I’m not sure I understand why it’s quality expected minus quality displayed. It seems like something can be funny when you expected low quality and something of high quality is what is observed. Suppose your daughter says she has a drawing to show you, and she hands you something that Michelangelo would have drawn, and you laugh. It definitely seems like you would be laughing at the violation of your expectations, but the quality you expected was low. I guess you can recast it in terms of your expectations about your ability to set your own expectations, but that seems kind of meta and allows for the same flexibility as just putting absolute value signs around that term anyway.
Suppose that your friend is showing you slides from his vacation, and one of the slides is from an exact same location that you took a picture which is somewhat out of context with the rest of his slides, and you laugh. What is causing you to laugh according to this theory, and specifically what quality is being decreased?
Second, you have a section on bullying where you explain why bullying isn’t funny and doesn’t trigger laughter. But the bully and his friends DO laugh when they trip their target or whatever, even if they are a total social outcast already. How is that explained by the theory? It would seem like a stretch to say that the bullies themselves see some sort of quality in the target and that lowering that quality is what causes it to be funny, when the point of your argument is that even other people don’t laugh because the target is known to have low quality.
All in all, a very interesting read and I think there is an interesting idea here.
The first example is first-person laughter, where you laugh at yourself for your own expectations turning out to be so wrong, similar to looking for your phone then realizing you’re on the phone already. I would hope this doesn’t seem like a forced explanation (apologies if it does). We have standards about what we ourselves are capable of, and oftentimes we find out that we were way off-base. I like the example of finding out that you already had your phone because there’s no one else involved and it hopefully thus isolates the issue and demonstrates clearly that you can laugh purely as a result of realizing your own errors.
The second example is a good one, and that’s something that I had to think about a lot. I eventually noticed that those incidents result from a misplacement, which almost always comes from something that has something in common with their surroundings but are noticeably out of place. I think that most often these are combined with some other source of humor, like the misplacement being combined with someone else’s mess-up, or a reminder of a mess-up, or laughing at someone’s bad pun.
I wrote a bit more on this in the papers, right now I’m trying to do several different things so sorry if my explanation of that is jumbled (especially because that’s one of the most important and least straightforward aspects).
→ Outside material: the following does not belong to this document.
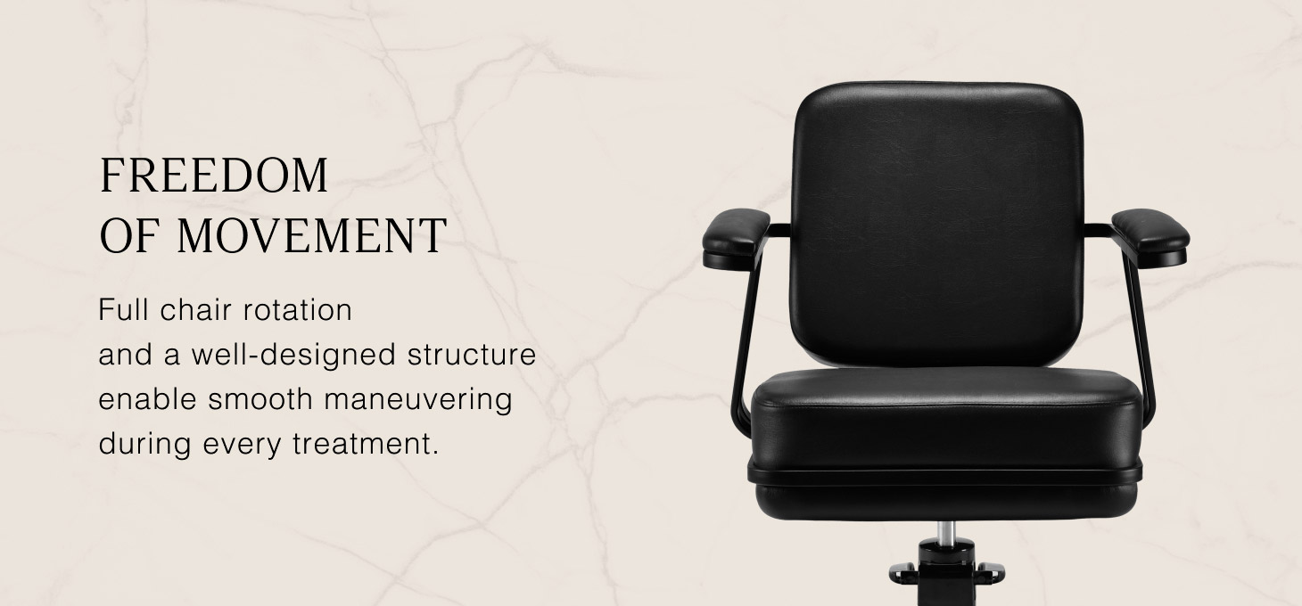 The chair's design has been created with comfort in mind, even during longer treatments. The contoured seat and ergonomic armrests support the customer's natural posture, facilitating the hairdresser's precise work. The full rotation mechanism increases the range of motion and freedom of manoeuvring, which translates into smooth and efficient service.
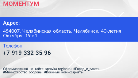 МОМЕНТУМ по адресу 454007, Челябинская область, Челябинск, 40-летия Октября, 19 к1 в дальнейшем Организация, размещена в следующих категориях:

In regards to bullies laughing at the target, I think it involves them not feeling anxiety at the target’s misfortune, and usually their laughter (I say usually because I’m not in their brains so I can’t totally dissect or make concrete statements), seems to come from pushing the victim to new lows, like making them carry their bags or embarrassing them in new ways. This would put them below whatever quality-expectation the bully has of them. (apologies here, an expectation of very little quality is still a “quality expectation,” sorry if the word “quality” sounds like it always means something above average. I know the word is sometimes used that way.)
The first example is first-person laughter, where you laugh at yourself for your own expectations turning out to be so wrong, similar to looking for your phone then realizing you’re on the phone already.
This sounds fishy. In particular, it seems like a very ad hoc way to shoehorn a category of joke that doesn’t quite fit into your theory—which is a failure mode that seems common to theories of humour.
This is actually pretty easy to demonstrate though. You can laugh at your own expectations failing when you’re alone, as per the phone example. So we KNOW this can happen.
Now, let’s change the expectation, and we can see clearly that the laughter will change or disappear. For example, when I look at Da Vinci’s notebook, who I obviously think of as an amazing artist, I don’t laugh the least bit at the quality of the drawings contained within, and no one that I know of looks at Da Vinci’s notebooks and the amazing quality of his thought as a source of comedy. The different aspect that creates the humor in the case is your own expectations turning out to be wrong.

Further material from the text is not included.